Poor connectivity is something to look out for and could cause a lot of problems, especially when updating

h0bb3 commented 5 months ago

One eGW (01239d34ba0bb9a601) that just stopped restart fixed it. Nothing strange in the logs. Should have tried to get a response but forgot and just restarted.

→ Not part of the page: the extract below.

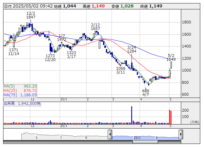 カウリス <日足> 「株探」多機能チャートより個別ではカウリス<153A>がストップ高。ティーケーピー<3479>、シェアリングテクノロジー<3989>、coly<4175>、バンク・オブ・イノベーション<4393>、アクリート<4395>など8銘柄は年初来高値を更新。オルツ<260A>、売れるネット広告社グループ<9235>、EduLab<4427>、ソーシャルワイヤー<3929>、ランサーズ<4484>は値上がり率上位に買われた。
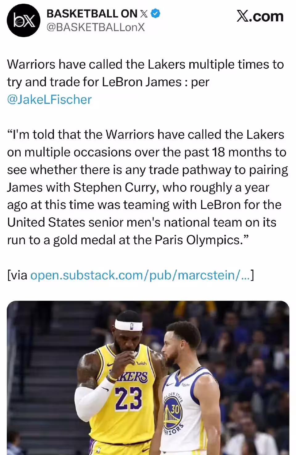 時間回到2024年2月,在當時NBA交易截止日前一天,勇士便展現出強烈的求賢欲。球隊老闆拉科布親自致電湖人老闆珍妮巴斯,詢問交易詹姆斯的可能性。不過,湖人當時明確拒絕交易,詹姆斯本人也表態願留湖人,勇士首次追逐以失敗告終。

[Logs]    [2024-03-28T10:55:42.003Z] [web] INFO:server.tasks.harvest:Response: <Response [200]>
[Logs]    [2024-03-28T10:55:44.697Z] [web] DEBUG:server.tasks.harvest:Harvest took 1164 ms
[Logs]    [2024-03-28T10:55:48.016Z] [web] DEBUG:server.tasks.harvest:Harvest took 1117 ms
[Logs]    [2024-03-28T10:55:51.338Z] [web] DEBUG:server.tasks.harvest:Harvest took 1409 ms
[Logs]    [2024-03-28T10:55:53.869Z] [web] DEBUG:server.tasks.harvest:Harvest took 1122 ms
[Logs]    [2024-03-28T10:55:56.403Z] [web] DEBUG:server.tasks.harvest:Harvest took 1119 ms
[Logs]    [2024-03-28T10:56:03.416Z] [web] DEBUG:server.tasks.harvest:Harvest took 5850 ms
[Logs]    [2024-03-28T10:56:10.381Z] [web] DEBUG:server.tasks.harvest:Harvest took 1115 ms
[Logs]    [2024-03-28T10:56:21.165Z] [web] DEBUG:server.tasks.harvest:Harvest took 1366 ms
[Logs]    [2024-03-28T10:56:30.442Z] [web] DEBUG:server.tasks.harvest:Harvest took 1168 ms
[Logs]    [2024-03-28T10:56:31.852Z] [web] DEBUG:urllib3.connectionpool:Starting new HTTPS connection (1): testnet.srcful.dev:443
[Logs]    [2024-03-28T10:56:32.367Z] [web] DEBUG:urllib3.connectionpool:https://testnet.srcful.dev:443 "POST /gw/data/ HTTP/1.1" 200 0
[Logs]    [2024-03-28T10:56:32.711Z] [web] INFO:server.tasks.harvest:Response: <Response [200]>
[Logs]    [2024-03-28T10:56:39.012Z] [web] DEBUG:server.tasks.harvest:Harvest took 1208 ms
[Logs]    [2024-03-28T10:56:46.602Z] [web] DEBUG:server.tasks.harvest:Harvest took 1120 ms
[Logs]    [2024-03-28T10:56:53.511Z] [web] DEBUG:server.tasks.harvest:Harvest took 1120 ms
[Logs]    [2024-03-28T10:56:59.844Z] [web] DEBUG:server.tasks.harvest:Harvest took 1235 ms
[Logs]    [2024-03-28T10:57:05.283Z] [web] DEBUG:server.tasks.harvest:Harvest took 1079 ms
[Logs]    [2024-03-28T10:57:10.568Z] [web] DEBUG:server.tasks.harvest:Harvest took 1327 ms
[Logs]    [2024-03-28T10:57:14.784Z] [web] DEBUG:server.tasks.harvest:Harvest took 1009 ms
[Logs]    [2024-03-28T10:57:18.988Z] [web] DEBUG:server.tasks.harvest:Harvest took 1134 ms
[Logs]    [2024-03-28T10:57:23.832Z] [web] DEBUG:server.tasks.harvest:Harvest took 2305 ms
[Logs]    [2024-03-28T10:57:27.184Z] [web] DEBUG:server.tasks.harvest:Harvest took 1047 ms
[Logs]    [2024-03-28T10:57:28.472Z] [web] DEBUG:urllib3.connectionpool:Starting new HTTPS connection (1): testnet.srcful.dev:443
[Logs]    [2024-03-28T10:57:28.985Z] [web] DEBUG:urllib3.connectionpool:https://testnet.srcful.dev:443 "POST /gw/data/ HTTP/1.1" 200 0
[Logs]    [2024-03-28T10:57:29.332Z] [web] INFO:server.tasks.harvest:Response: <Response [200]>
[Logs]    [2024-03-28T10:57:31.422Z] [web] DEBUG:server.tasks.harvest:Harvest took 1137 ms
[Logs]    [2024-03-28T10:57:34.871Z] [web] DEBUG:server.tasks.harvest:Harvest took 850 ms
[Logs]    [2024-03-28T10:57:38.928Z] [web] DEBUG:server.tasks.harvest:Harvest took 1548 ms
[Logs]    [2024-03-28T10:57:41.795Z] [web] DEBUG:server.tasks.harvest:Harvest took 1318 ms
[Logs]    [2024-03-28T10:57:45.202Z] [web] DEBUG:server.tasks.harvest:Harvest took 1938 ms
h0bb3 commented 4 months ago

The main issue atm seems to be the crypto chip that some times stops responding giving an invalid signature and is refused in the backend.

h0bb3 commented 3 months ago

we had one eGW that could not connect to its inverter due to it changing ip. This could be handled with the scan endpoint.